On January 20th, the United States will inaugurate its next president. Some of you might be happy with the choice voters made on Election Day, and if that is you, congratulations. But this post, is for those of you who may be struggling with liking or respecting the new occupant of the White House. You’re probably asking the same question roughly half the country asks every 4 to 8 years. How do you handle it when you really don’t like the president?
First and foremost, remember that we live in a free republic. If you’re in high school and weren’t old enough to vote in this election, you’ll be old enough in the next one. If you feel like this president doesn’t represent you or your views, you will be able to exercise your right to vote and cast a vote against him. You can also join political action groups and try to convince your friends to come around to your viewpoint. These are things we are free to do in a democracy that has freedom of speech, freedom of assembly and freedom of the press.
While obvious, those options are just some actions you can take. What about how you feel? How should you cope with a leader you don’t like?
For most of you, it probably isn’t the first time you’ve faced an authority figure that you didn’t like. Ever had a teacher you just couldn’t deal with, yet you had to go to class every day and sit through what seemed like absolute torture? Right now, your teachers have more power over your life than the president does. In fact, when you’re out of school, your boss will have more of a direct impact on you than the president, and the mayor of your town probably will, too. Presidents set national policy, but there are other authority figures, some you will like and some you won’t, who will affect you on a daily basis more than anyone in Washington D.C. So, take a deep breath, and look at the bigger picture. Have you had leaders in your life before that you had trouble respecting? Handling a president you may not respect is similar.

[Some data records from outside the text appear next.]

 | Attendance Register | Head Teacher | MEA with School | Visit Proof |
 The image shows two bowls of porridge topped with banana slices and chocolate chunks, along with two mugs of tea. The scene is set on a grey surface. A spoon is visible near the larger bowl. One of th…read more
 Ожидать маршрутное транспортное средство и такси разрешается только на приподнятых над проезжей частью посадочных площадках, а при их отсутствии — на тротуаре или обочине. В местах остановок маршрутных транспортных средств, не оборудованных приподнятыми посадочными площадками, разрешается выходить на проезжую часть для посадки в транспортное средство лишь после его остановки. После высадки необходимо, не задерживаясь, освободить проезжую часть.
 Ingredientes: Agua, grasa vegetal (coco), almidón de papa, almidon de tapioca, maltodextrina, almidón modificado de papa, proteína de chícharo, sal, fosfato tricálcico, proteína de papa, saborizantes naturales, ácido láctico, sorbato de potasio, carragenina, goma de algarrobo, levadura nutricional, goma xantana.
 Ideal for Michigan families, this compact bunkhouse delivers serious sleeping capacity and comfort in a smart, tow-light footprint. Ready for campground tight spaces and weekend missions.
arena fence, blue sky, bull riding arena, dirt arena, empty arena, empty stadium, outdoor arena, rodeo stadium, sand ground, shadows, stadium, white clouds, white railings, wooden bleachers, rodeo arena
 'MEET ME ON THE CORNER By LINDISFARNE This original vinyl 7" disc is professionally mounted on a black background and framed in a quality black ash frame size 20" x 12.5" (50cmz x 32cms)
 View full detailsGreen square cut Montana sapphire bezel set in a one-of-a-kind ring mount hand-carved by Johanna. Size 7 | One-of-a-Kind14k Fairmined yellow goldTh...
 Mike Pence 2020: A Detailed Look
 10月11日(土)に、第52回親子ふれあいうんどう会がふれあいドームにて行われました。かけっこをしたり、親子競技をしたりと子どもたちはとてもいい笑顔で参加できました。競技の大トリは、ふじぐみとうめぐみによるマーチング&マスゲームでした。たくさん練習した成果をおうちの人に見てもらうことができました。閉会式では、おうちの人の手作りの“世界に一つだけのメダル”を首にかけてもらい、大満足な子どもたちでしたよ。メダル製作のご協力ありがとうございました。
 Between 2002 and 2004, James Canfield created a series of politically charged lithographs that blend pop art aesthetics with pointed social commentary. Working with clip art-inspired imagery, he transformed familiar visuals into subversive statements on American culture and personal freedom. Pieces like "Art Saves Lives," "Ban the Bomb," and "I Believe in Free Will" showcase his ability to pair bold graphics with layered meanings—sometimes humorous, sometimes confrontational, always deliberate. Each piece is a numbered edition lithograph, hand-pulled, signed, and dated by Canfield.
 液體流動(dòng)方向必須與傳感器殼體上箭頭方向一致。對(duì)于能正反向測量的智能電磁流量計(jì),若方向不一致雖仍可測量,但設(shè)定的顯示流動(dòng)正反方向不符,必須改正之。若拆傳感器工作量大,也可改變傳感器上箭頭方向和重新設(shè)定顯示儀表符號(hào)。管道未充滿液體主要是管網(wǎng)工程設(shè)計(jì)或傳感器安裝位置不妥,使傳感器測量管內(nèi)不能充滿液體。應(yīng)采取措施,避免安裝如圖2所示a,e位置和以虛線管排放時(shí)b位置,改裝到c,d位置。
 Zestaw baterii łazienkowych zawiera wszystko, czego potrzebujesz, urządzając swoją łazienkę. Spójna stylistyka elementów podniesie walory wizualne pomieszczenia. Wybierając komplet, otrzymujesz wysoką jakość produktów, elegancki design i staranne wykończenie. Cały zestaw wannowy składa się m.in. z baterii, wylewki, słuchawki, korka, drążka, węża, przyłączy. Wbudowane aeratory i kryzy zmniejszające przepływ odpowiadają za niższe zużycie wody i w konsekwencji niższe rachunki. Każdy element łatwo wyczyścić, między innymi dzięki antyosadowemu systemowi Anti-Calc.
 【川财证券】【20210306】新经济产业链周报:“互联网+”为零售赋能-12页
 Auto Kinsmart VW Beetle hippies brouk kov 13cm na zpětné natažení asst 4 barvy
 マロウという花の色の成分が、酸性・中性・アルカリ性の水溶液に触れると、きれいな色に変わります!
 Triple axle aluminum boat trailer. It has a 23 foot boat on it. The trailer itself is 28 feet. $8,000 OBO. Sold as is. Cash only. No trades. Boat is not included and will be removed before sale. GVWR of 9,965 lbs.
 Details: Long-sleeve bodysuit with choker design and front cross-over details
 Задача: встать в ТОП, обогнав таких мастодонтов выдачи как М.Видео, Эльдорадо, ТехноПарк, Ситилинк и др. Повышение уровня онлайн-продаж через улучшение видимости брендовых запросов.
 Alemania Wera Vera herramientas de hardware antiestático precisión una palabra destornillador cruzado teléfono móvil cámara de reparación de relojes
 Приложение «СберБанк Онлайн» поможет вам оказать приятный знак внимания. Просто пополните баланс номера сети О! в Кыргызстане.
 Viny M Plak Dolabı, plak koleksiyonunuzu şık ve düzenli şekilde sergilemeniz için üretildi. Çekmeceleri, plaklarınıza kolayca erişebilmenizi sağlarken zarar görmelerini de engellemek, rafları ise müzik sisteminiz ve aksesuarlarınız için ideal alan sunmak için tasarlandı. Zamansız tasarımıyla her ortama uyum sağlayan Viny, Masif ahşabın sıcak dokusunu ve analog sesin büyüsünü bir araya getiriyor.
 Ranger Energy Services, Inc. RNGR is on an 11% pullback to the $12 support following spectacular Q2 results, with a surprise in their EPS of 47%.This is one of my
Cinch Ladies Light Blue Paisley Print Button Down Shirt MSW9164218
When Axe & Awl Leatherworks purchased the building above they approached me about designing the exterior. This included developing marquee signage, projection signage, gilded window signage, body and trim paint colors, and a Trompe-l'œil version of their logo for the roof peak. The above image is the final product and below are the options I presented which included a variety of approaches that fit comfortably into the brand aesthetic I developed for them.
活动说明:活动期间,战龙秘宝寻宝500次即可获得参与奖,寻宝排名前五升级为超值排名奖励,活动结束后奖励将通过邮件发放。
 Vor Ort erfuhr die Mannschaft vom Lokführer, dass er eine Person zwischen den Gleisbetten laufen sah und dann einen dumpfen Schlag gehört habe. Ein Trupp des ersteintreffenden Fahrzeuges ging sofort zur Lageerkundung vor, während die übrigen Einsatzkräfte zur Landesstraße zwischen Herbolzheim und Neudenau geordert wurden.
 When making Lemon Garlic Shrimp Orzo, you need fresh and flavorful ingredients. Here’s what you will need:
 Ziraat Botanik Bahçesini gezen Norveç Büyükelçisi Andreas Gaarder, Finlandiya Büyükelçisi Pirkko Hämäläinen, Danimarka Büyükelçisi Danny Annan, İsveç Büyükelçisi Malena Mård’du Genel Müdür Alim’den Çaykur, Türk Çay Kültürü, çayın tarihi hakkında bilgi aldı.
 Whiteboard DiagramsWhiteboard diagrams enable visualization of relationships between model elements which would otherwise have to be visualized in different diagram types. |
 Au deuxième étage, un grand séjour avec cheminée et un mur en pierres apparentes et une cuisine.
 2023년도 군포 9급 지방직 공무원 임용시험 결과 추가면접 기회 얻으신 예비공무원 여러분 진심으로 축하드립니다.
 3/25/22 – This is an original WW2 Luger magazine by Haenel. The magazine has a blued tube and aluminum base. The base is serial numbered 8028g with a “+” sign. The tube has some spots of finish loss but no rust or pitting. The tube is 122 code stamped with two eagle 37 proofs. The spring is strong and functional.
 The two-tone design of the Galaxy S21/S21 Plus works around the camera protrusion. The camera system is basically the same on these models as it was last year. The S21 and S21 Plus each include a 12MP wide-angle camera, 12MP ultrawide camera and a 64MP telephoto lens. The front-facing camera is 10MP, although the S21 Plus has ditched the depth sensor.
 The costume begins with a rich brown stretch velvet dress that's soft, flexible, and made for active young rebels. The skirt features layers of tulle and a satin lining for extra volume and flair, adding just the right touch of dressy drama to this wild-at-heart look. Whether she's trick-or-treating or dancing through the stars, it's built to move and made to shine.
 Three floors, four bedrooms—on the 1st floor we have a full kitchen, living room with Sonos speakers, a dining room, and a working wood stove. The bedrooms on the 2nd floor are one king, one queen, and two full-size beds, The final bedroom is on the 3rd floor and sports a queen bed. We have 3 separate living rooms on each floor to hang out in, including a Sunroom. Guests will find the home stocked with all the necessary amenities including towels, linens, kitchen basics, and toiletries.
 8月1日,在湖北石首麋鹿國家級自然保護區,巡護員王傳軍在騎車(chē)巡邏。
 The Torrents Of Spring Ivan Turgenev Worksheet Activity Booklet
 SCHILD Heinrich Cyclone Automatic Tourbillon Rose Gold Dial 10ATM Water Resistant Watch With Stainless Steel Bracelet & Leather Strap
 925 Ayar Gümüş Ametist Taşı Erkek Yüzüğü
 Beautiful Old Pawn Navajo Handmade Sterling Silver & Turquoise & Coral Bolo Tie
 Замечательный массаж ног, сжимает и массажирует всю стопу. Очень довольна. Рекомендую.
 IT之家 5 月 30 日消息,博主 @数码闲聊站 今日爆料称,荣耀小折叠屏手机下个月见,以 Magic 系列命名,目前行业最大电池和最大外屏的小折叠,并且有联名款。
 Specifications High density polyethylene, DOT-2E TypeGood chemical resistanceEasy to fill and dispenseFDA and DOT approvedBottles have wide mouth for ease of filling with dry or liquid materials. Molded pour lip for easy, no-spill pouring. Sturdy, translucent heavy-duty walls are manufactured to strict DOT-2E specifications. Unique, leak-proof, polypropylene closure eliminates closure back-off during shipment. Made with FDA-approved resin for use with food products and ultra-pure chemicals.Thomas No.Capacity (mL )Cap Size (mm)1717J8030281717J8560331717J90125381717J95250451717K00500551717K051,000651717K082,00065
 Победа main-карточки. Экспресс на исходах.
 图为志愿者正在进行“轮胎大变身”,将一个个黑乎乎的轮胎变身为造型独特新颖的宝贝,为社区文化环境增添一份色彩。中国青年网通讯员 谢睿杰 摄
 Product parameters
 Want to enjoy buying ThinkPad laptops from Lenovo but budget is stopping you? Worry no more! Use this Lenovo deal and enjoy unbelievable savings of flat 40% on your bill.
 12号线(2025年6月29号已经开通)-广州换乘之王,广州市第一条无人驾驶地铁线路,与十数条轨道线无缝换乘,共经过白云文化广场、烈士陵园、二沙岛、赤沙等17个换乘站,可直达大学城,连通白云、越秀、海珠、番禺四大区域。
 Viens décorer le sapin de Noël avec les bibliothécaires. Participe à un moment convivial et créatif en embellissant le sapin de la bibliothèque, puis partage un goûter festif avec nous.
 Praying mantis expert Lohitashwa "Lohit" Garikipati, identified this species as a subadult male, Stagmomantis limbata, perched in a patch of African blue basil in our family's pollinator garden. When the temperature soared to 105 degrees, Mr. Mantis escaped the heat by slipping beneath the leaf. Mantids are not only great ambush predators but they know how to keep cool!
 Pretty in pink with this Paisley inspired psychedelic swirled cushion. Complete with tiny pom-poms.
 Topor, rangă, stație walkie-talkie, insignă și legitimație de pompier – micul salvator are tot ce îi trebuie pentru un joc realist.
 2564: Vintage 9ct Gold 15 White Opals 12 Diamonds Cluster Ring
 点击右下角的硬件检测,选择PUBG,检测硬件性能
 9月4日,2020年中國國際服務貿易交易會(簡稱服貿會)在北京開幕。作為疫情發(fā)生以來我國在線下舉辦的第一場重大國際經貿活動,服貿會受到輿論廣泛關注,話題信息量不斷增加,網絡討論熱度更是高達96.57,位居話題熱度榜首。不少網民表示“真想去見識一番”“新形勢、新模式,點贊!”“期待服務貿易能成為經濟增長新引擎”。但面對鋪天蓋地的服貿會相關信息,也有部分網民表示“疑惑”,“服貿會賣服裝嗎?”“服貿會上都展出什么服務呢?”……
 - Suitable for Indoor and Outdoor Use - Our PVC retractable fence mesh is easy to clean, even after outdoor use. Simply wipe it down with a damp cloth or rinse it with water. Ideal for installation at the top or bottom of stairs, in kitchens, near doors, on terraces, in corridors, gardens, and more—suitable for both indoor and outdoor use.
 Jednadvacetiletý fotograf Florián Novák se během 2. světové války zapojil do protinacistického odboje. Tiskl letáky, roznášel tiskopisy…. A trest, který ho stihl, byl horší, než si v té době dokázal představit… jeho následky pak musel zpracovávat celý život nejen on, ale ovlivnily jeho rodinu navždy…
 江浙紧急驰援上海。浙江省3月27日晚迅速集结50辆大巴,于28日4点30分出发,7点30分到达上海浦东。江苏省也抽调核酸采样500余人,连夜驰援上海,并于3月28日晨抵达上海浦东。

In the first century, the Apostle Paul wrote to people who were facing a similar issue in Rome. By the way, if you want to see some crazy people in authority, just open a few history books. Some of these Roman emperors liked to watch animals eat prisoners just for sport. Paul’s advice was to always remember that God is above all who are in power over us. You may have teachers you don’t like, or a boss you don’t like, or even a president you don’t like, but God is still in control even when we disagree with those in authority. God is in control even when our authority figures treat us unjustly or unfairly. Next time you are frustrated about authority figures in your life, or in Washington D.C., try going to God about it. Tell Him about your frustrations. He is always willing to listen, and he understands. Nothing you have to say to him is out of line. He loves you unconditionally, with a perfect love that people on earth can’t achieve or even comprehend.